Verminderung ist aktiv und präzise wie ein chirurgischer Schnitt. Man entfernt nicht Fähigkeiten, sondern den Anspruch, von ihnen vollständig definiert und legitimiert zu werden. Unter einem Schild erscheint oft ein weiteres: hinter „Experte“ das Bedürfnis, unangreifbar zu sein, dahinter die Angst, ohne Leistung keinen Platz zu haben. Darum vermindert man weiter und weiter.

Bis zum Nicht-Erzwingen

Die Bewegung gelangt zum Wuwei. Das heißt nicht, dass am Ende nichts getan wird. Ohne die Zusatzarbeit der Selbstbestätigung kann die eigentliche Tätigkeit vollständiger geschehen; deshalb bleibt beim Nicht-Erzwingen nichts ungetan.
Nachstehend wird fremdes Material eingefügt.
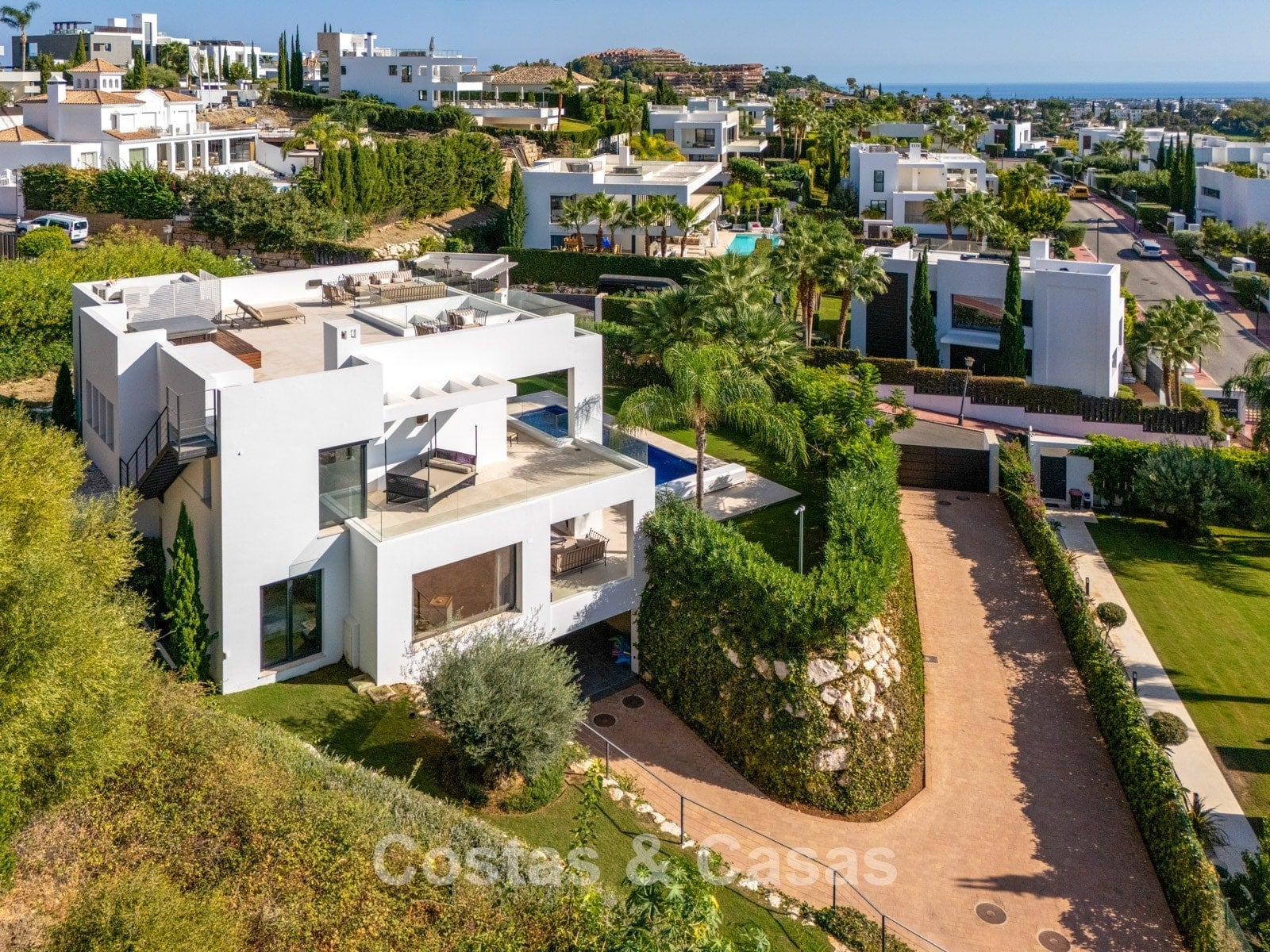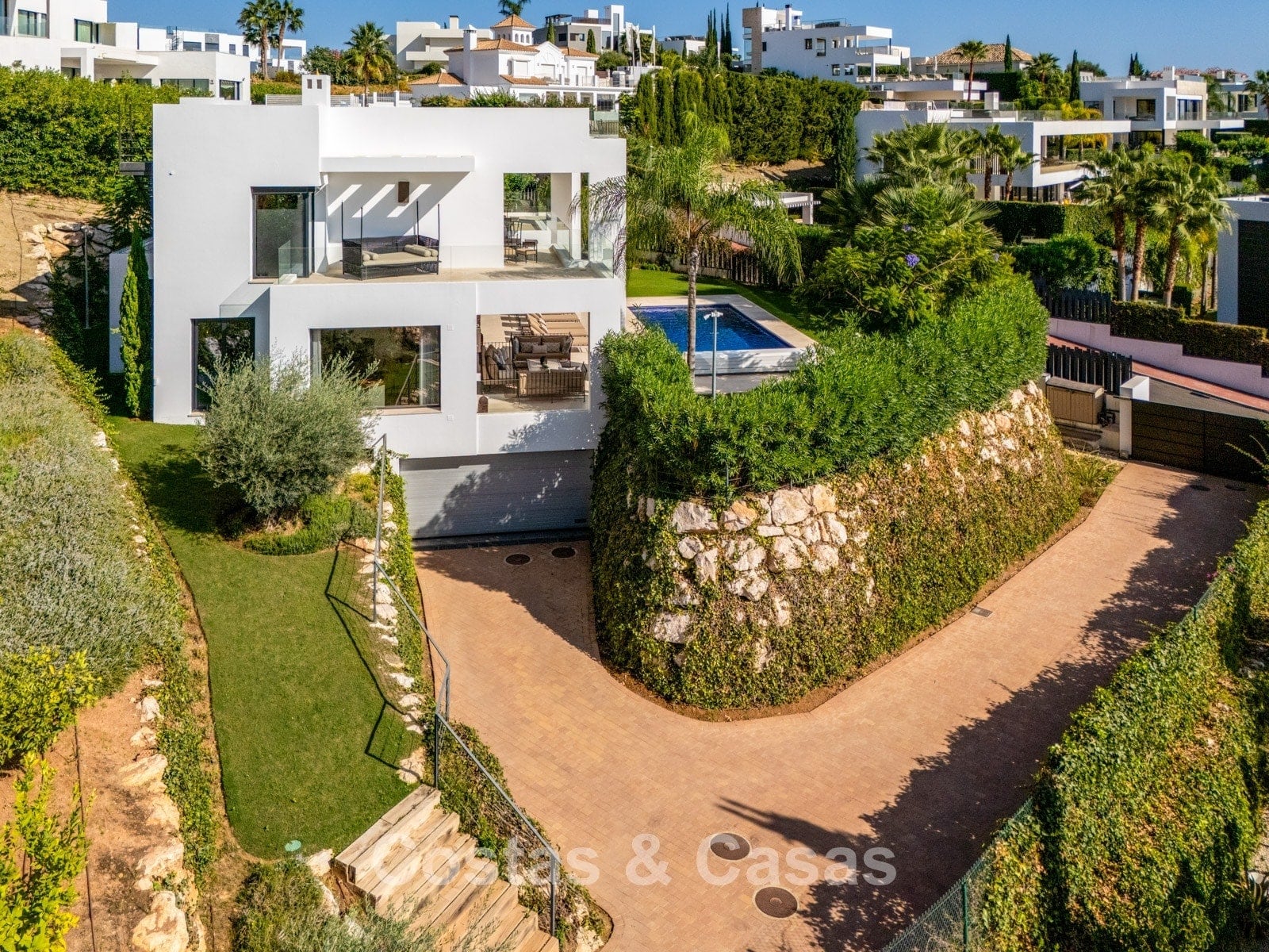 De woning bevindt zich in een buurt met vergelijkbare, hedendaagse villa’s en een moderne uitstraling.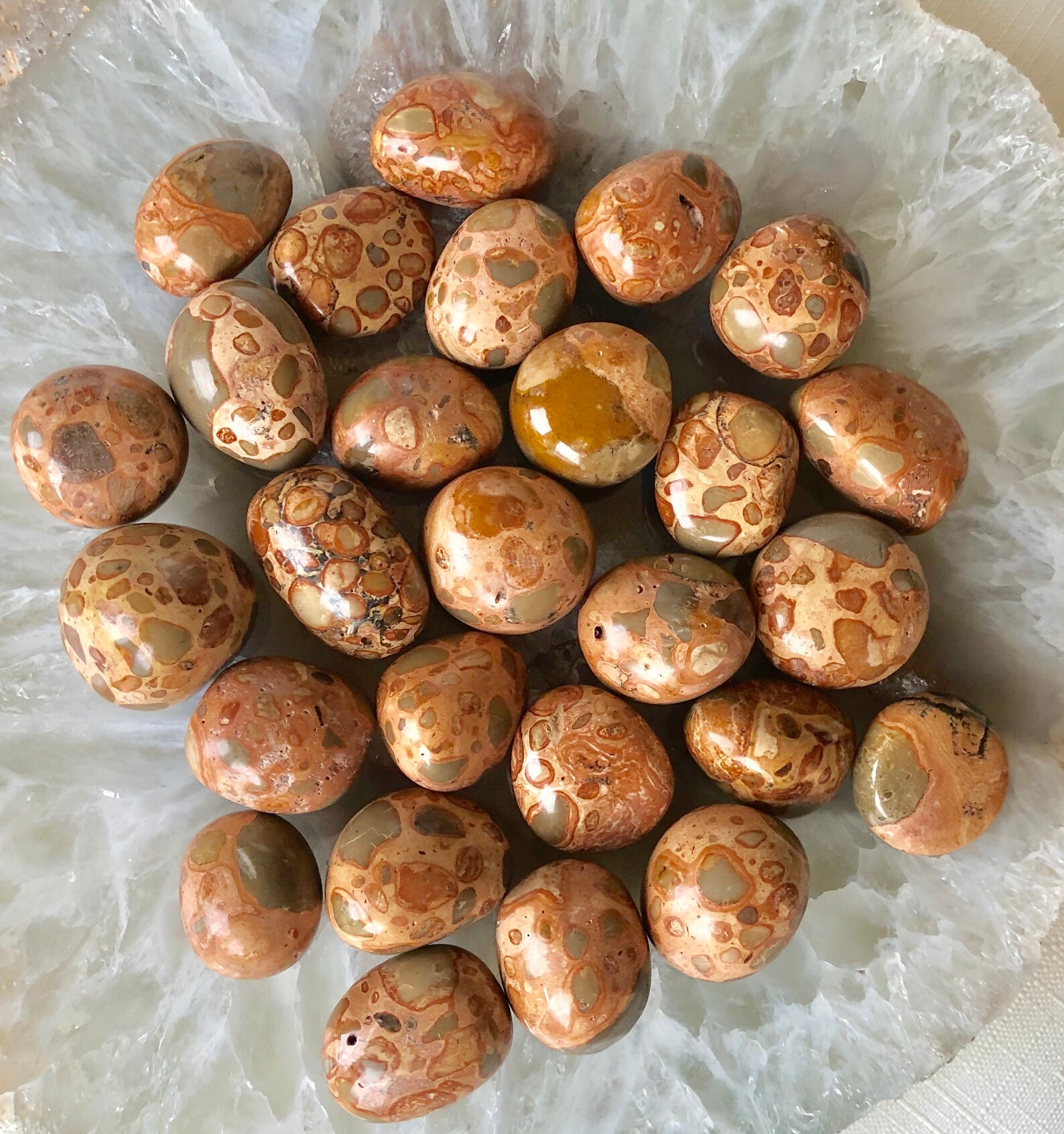 Leopard Skin Jasper Tumbled The Crystal Council Can Leopard Skin Crystal Go In Water Leopardskin jasper stone can be incorporated into crystal grids, which are arrangements of crystals used for specific intentions or manifestations. Can leopardskin jasper go in water? Yes, leopardskin jasper can go in water, though prolonged exposure may lead to discoloration or damage. How to tell a real leopardskin jasper. Cleansing method and techniques of leopard skin jasper. It is advisable. Can Leopard Skin Crystal Go In Water.

Der Könner antwortet der Situation, statt zugleich sein Könnerbild zu verteidigen.

Wer die Welt ergreifen will, muss ohne ständig neue Angelegenheit bleiben; sobald er eine Sache aus ihr macht, reicht er nicht mehr aus, sie zu ergreifen. Der politische Satz führt die persönliche Übung weiter: Totaler Besitz erzeugt unendliche Verwaltung. In einer Kultur der Addition ist Subtraktion schwerer, weil sie nicht im Lebenslauf glänzt. Doch gerade das abgelegte Konstrukt gibt Aufmerksamkeit und Handlungsraum zurück.